## Available data
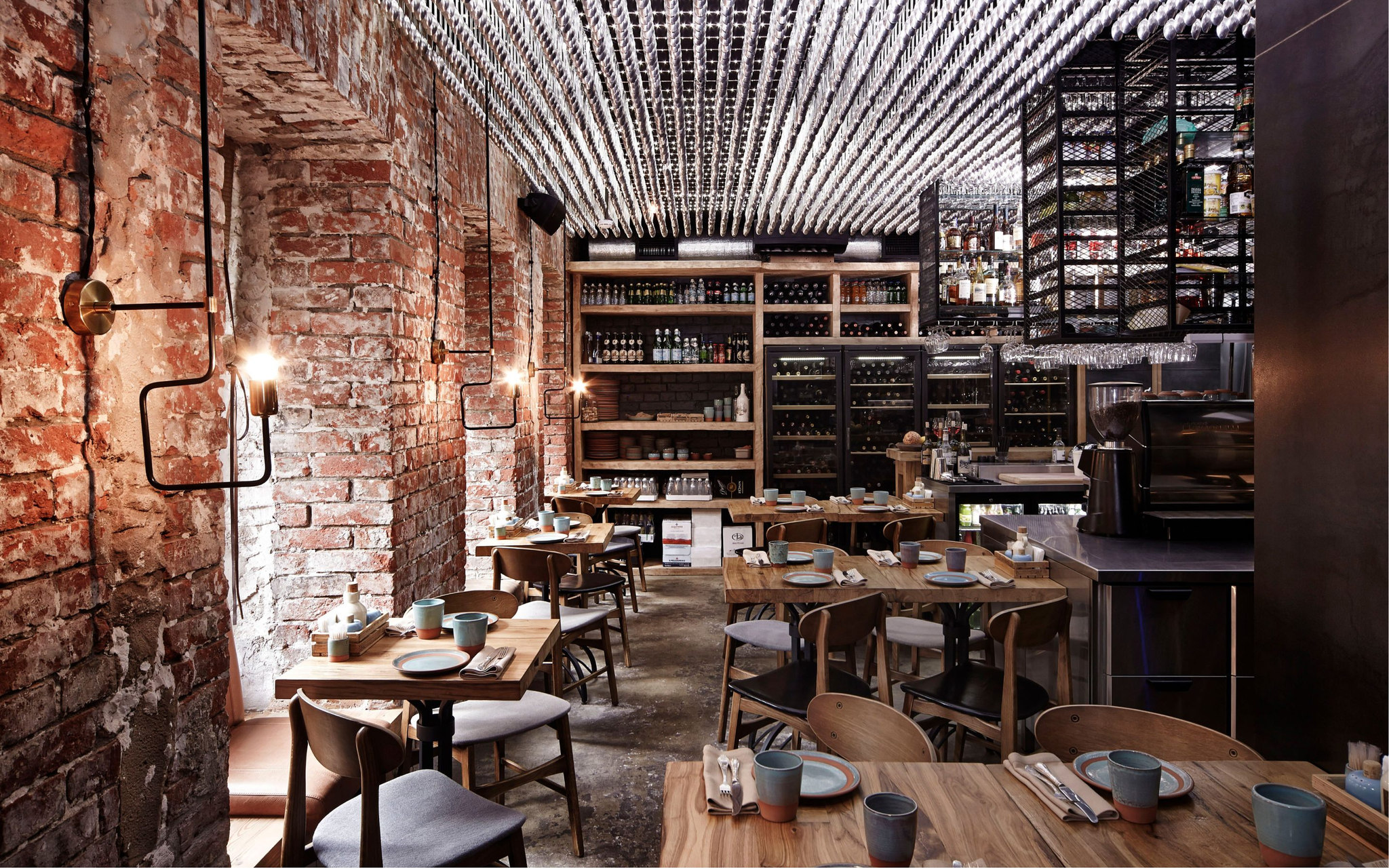 Lexica - A natural light modern restaurant, grape wine pots on wall ...
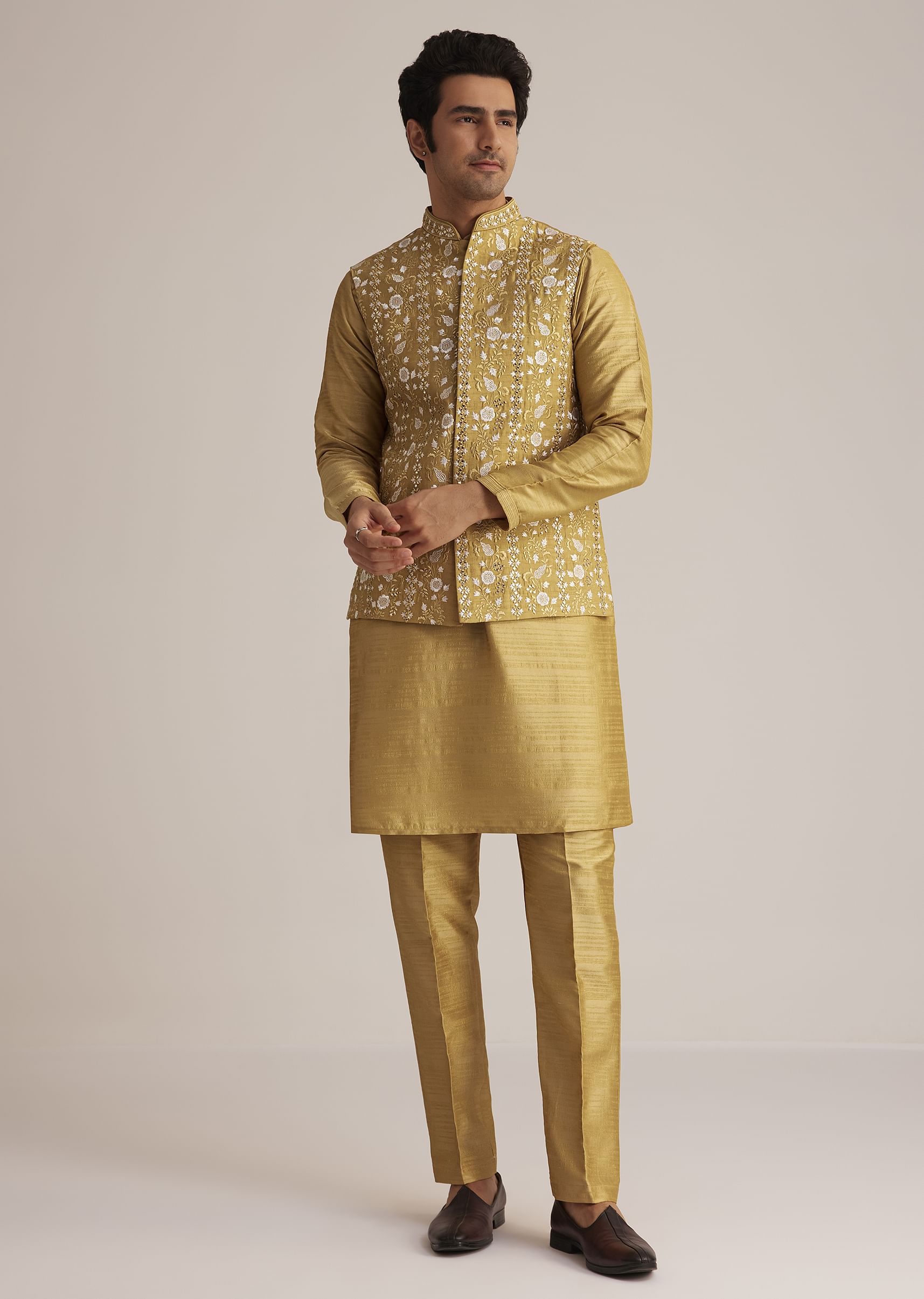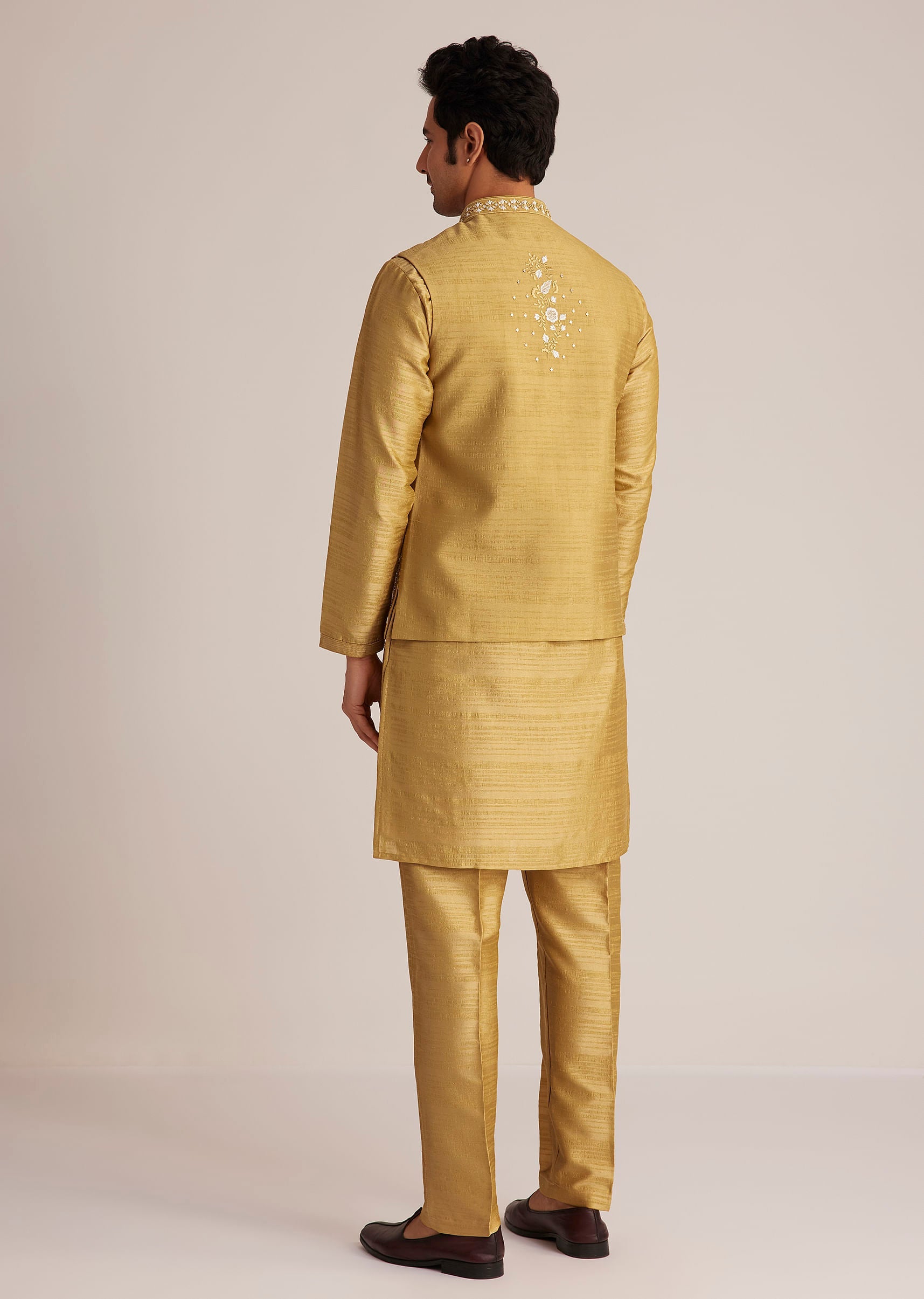 Yellow Kurta Pant Set With Embroidered Nehru Jacket
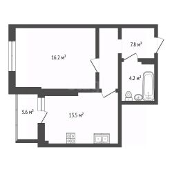 Квартира с продуманной планировкой включает в себя просторную комнату 16,2 м², где можно организовать комфортное пространство. Уютную кухню 13,5 м² для кулинарных шедевров. Балкон 3,6 м² и удобную ванную комнату 4,2 м² для вашего удобства.
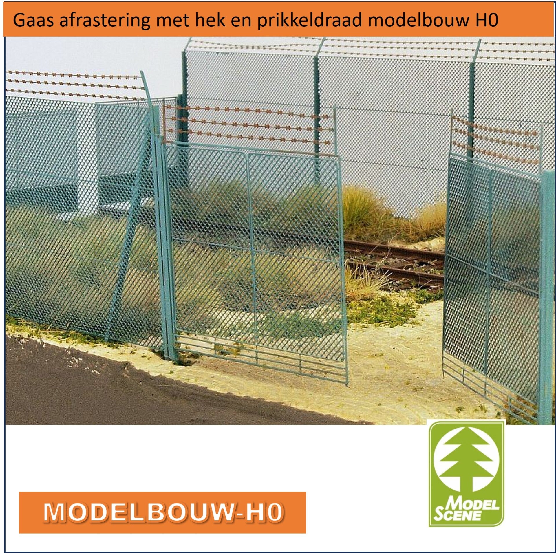 Gaas afrastering met hek en prikkeldraad modelbouw H0 48141

## The problem
Return the whole of the material above exactly, with no picture carried over.

## Solution to this problem
 Lexica - A natural light modern restaurant, grape wine pots on wall ...
 Yellow Kurta Pant Set With Embroidered Nehru Jacket
 Квартира с продуманной планировкой включает в себя просторную комнату 16,2 м², где можно организовать комфортное пространство. Уютную кухню 13,5 м² для кулинарных шедевров. Балкон 3,6 м² и удобную ванную комнату 4,2 м² для вашего удобства.
 Gaas afrastering met hek en prikkeldraad modelbouw H0 48141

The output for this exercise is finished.